How exactly am I supposed to fight back against MS? It isn’t going to go away. Oh sure, I could pay thousands for quack cures, immerse myself in healing waters, start meditating, follow a Beat MS Diet, howl at the moon. And yes, I probably would feel slightly better, just as anyone without MS would also feel slightly better following a strict, healthy regime. Isn’t it better for us to adapt to our new lives with MS rather than fighting the unfightable? It’s not about giving in to it, it’s about getting on with it.

There is a creeping sense of a hidden agenda embedded within this call to fight back. Anyone with an illness must resist being ‘different’ at all costs. We must strive to regain our ‘normality’, that which is acceptable to mainstream society.

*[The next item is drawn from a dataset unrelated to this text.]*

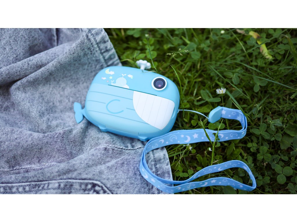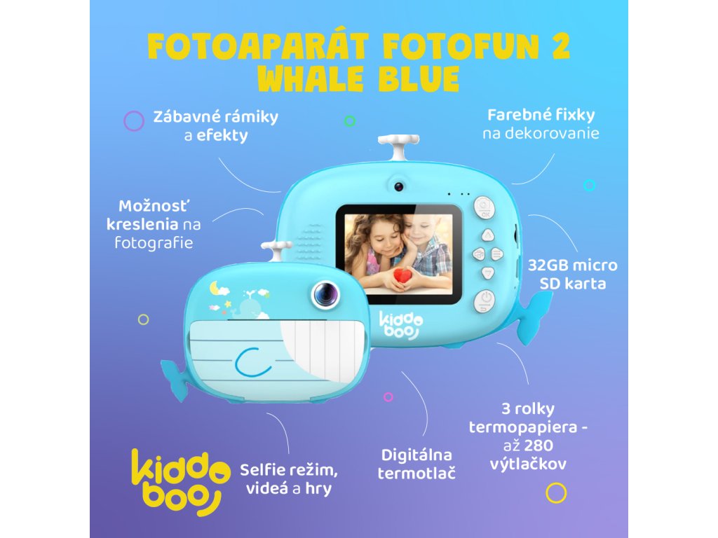 Fotoaparát FotoFun 2 Whale Blue Foťák plný hviezdnych momentov Hľadáte ideálny darček pre zvedavé dieťa, ktoré miluje zábavu, kreslenie a objavovanie sveta? Detský fotoaparát Kiddoboo FotoFun 2 Whale Blue je presne to, čo hľadáte! Tento rozkošný kamarát ponúka nielen možnosť fotografovania a natáčania videí, ale aj okamžitú tlač fotografií – a to všetko v dizajne, ktorý si deti okamžite zamilujú. Tento detský instantný fotoaparát je ideálny spoločník na výlety, oslavy, prázdniny aj bežné dni plné objavovania. Premení každé dobrodružstvo na spomienku.Vytvor – Vytlač – Vyfarbi! Zábavné rámiky a efekty – predinštalované vo fotoaparáte pre originálne výtvoryMožnosť kreslenia na fotografie – v balení nájdete farebné fixkySelfie režim, videá a hry – zábava na každom krokuVšetko v jednom balení Detský fotoaparát FotoFun 2 Whale Blue3 rolky termo papiera (až 280 výtlačkov)Farebné fixky na dekorovanie32GB micro SD karta na ukladanie fotiek a videíBatéria s výdržou na dlhé hodiny hraniaZabudované mäkké ochranné puzdro a šnúrka na krkPrečo si vybrať Kiddoboo Fotoaparát FotoFun 2 Whale Blue? Rozvíja detskú kreativitu a motorikuPodporuje samostatnosť a zábavnú formu učeniaVhodný darček pre deti od 3 rokov Tu nájdete návodDodatočné parametre

We must fight back against anything that marks us as being outside the socially acceptable norm and if we appear not to be fighting back, then we’re obviously not trying hard enough. How often do we hear, ‘Oh, she fought a brave battle’ or ‘she just gave up the fight.’

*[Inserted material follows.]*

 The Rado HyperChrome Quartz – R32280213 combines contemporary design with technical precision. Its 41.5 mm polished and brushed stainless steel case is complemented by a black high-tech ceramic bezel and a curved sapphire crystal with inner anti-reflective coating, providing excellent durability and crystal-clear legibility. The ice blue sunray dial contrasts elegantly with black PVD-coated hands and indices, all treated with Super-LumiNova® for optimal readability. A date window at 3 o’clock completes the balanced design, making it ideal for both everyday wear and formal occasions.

This kind of pressure only makes life with MS more difficult than it already is. The only thing I’m fighting back against is the discrimination that comes with having MS. Being sacked from work because of it. Struggling to find a new job because of it. The constant blank, disbelieving faces when I try and fail to describe overwhelming fatigue and the reality of living with a mostly invisible illness.

In the meantime, I’m sticking with Jack Osbourne’s philosophy – Adapt and Overcome. Interestingly, it’s his family who talk about fighting back, not him. Anyone who wants to make me feel guilty for not fighting back hard enough, stumble for a week in my shoes, then come and talk to me.